PROVIDED RECORDS:
'''

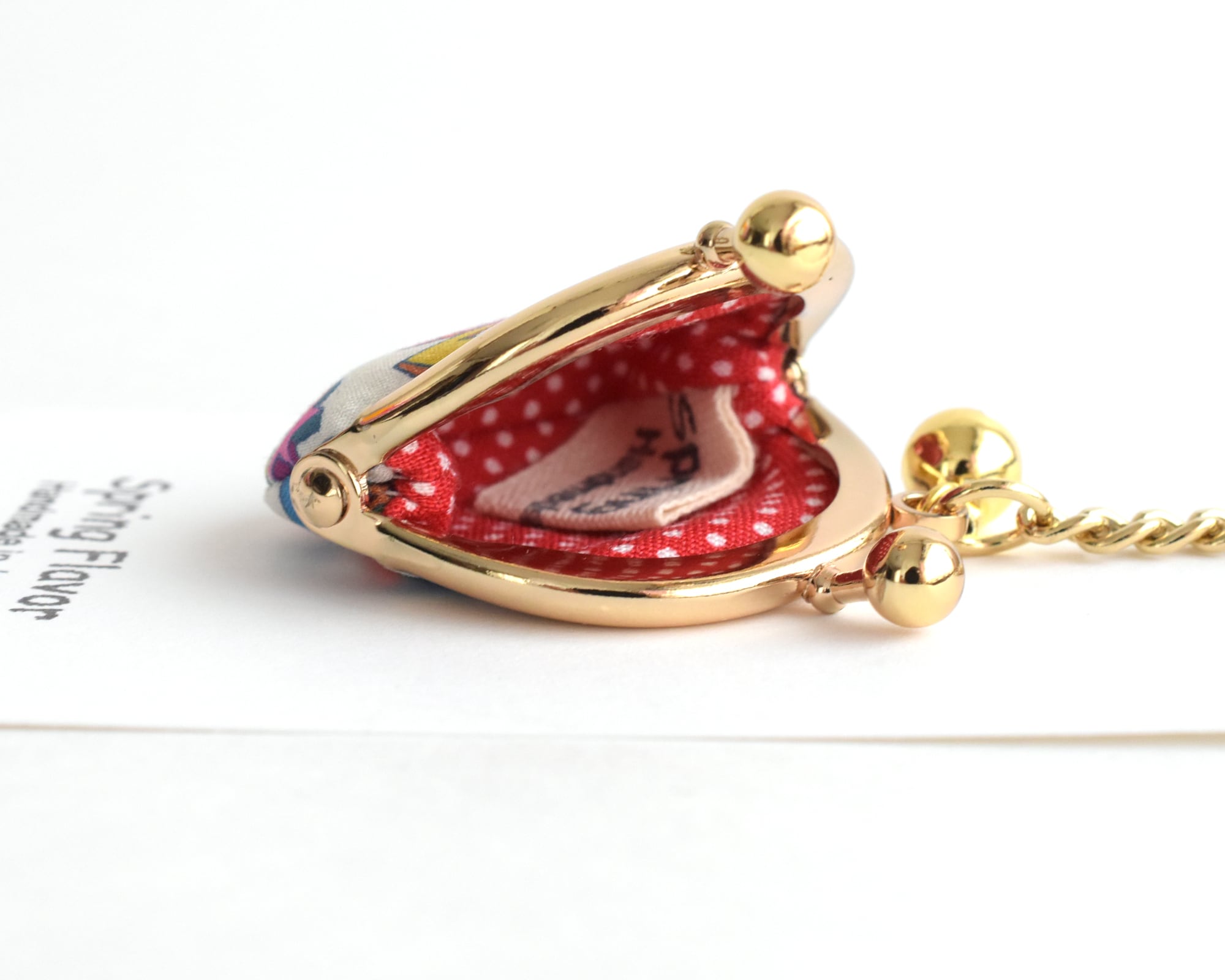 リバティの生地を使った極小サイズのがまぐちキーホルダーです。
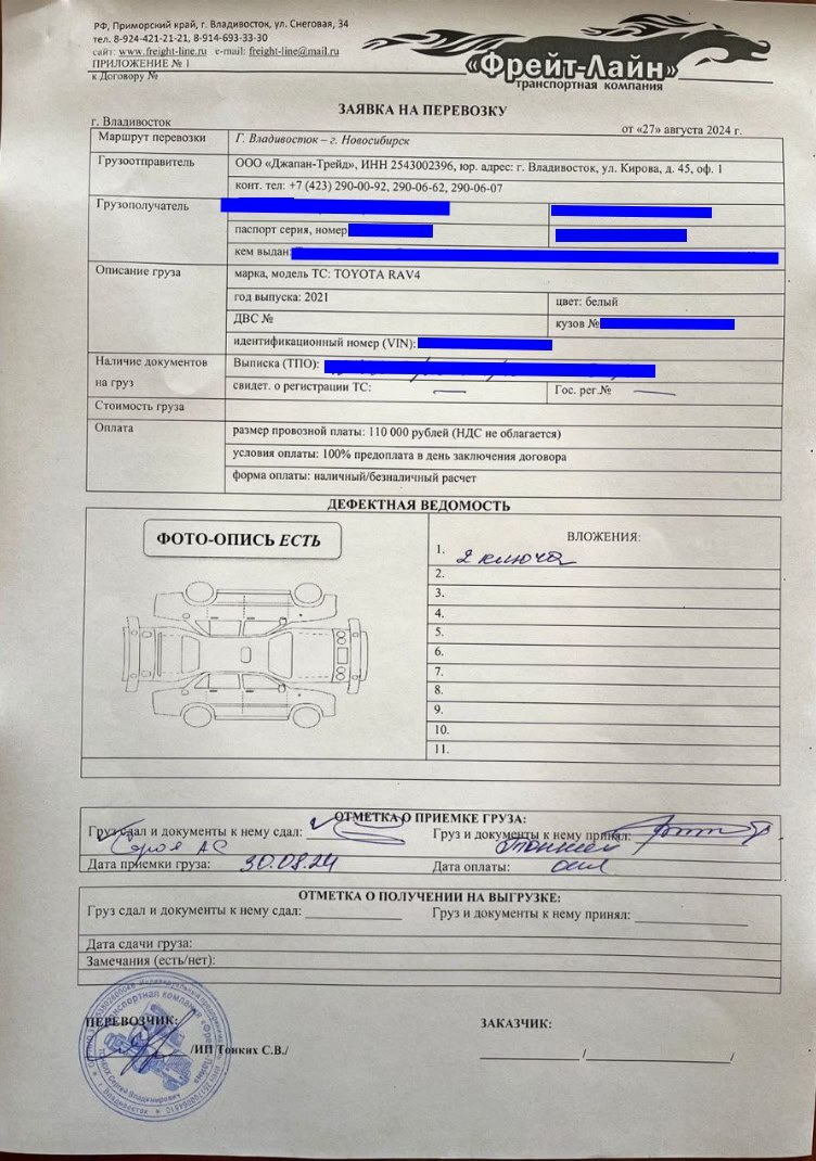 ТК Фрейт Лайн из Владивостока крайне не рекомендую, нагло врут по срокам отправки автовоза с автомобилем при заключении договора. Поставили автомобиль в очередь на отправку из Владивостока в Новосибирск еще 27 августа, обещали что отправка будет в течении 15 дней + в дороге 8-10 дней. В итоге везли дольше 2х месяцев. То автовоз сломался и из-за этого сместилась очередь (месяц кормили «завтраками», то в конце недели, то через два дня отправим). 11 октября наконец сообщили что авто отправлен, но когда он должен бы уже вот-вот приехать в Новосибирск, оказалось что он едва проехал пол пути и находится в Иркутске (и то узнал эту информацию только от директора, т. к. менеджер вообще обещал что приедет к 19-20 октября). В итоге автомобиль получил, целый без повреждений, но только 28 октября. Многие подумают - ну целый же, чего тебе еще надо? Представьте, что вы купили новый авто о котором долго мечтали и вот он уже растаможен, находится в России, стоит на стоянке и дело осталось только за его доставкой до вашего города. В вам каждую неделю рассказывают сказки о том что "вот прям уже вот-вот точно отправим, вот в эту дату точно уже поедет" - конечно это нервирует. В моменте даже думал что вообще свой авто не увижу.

'''
'''

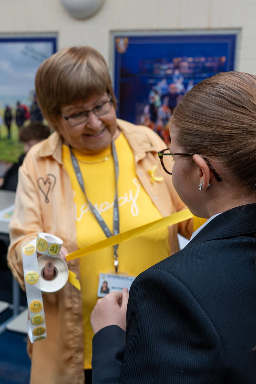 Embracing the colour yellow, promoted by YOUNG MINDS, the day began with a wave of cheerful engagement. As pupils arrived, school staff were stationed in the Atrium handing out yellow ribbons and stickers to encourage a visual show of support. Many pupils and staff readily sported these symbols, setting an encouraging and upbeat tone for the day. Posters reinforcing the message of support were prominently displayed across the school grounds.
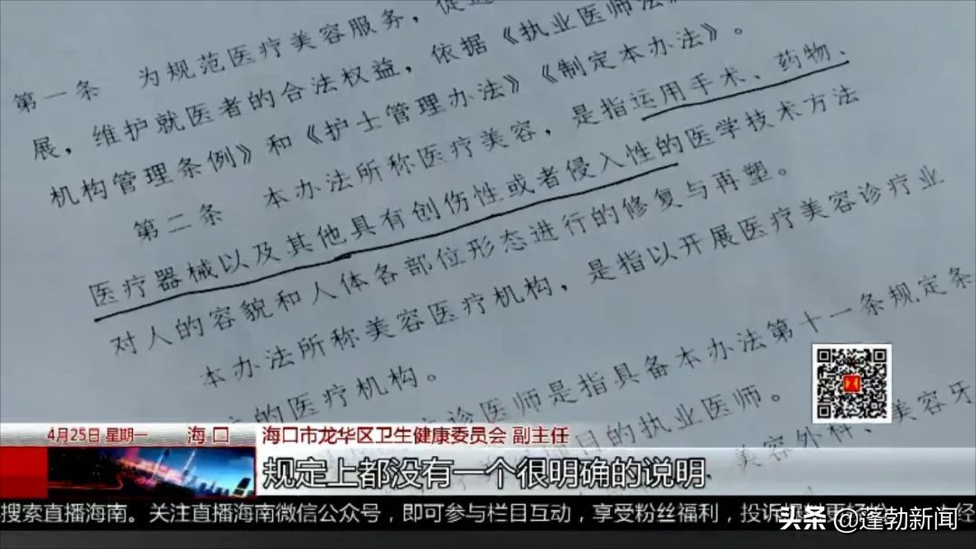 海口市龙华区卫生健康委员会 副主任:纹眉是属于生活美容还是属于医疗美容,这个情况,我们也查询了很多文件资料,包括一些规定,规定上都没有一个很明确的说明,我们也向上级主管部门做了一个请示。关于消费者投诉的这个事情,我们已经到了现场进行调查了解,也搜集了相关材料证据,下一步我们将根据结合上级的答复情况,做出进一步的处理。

'''

Copy exactly the lines of the listing above between the one holding "Embracing the colour" and the one holding "海口市龙华区卫生健康委员会 副主任:纹眉", inclusive; omit all pictures.

PROBLEM SOLUTION:
 Embracing the colour yellow, promoted by YOUNG MINDS, the day began with a wave of cheerful engagement. As pupils arrived, school staff were stationed in the Atrium handing out yellow ribbons and stickers to encourage a visual show of support. Many pupils and staff readily sported these symbols, setting an encouraging and upbeat tone for the day. Posters reinforcing the message of support were prominently displayed across the school grounds.
 海口市龙华区卫生健康委员会 副主任:纹眉是属于生活美容还是属于医疗美容,这个情况,我们也查询了很多文件资料,包括一些规定,规定上都没有一个很明确的说明,我们也向上级主管部门做了一个请示。关于消费者投诉的这个事情,我们已经到了现场进行调查了解,也搜集了相关材料证据,下一步我们将根据结合上级的答复情况,做出进一步的处理。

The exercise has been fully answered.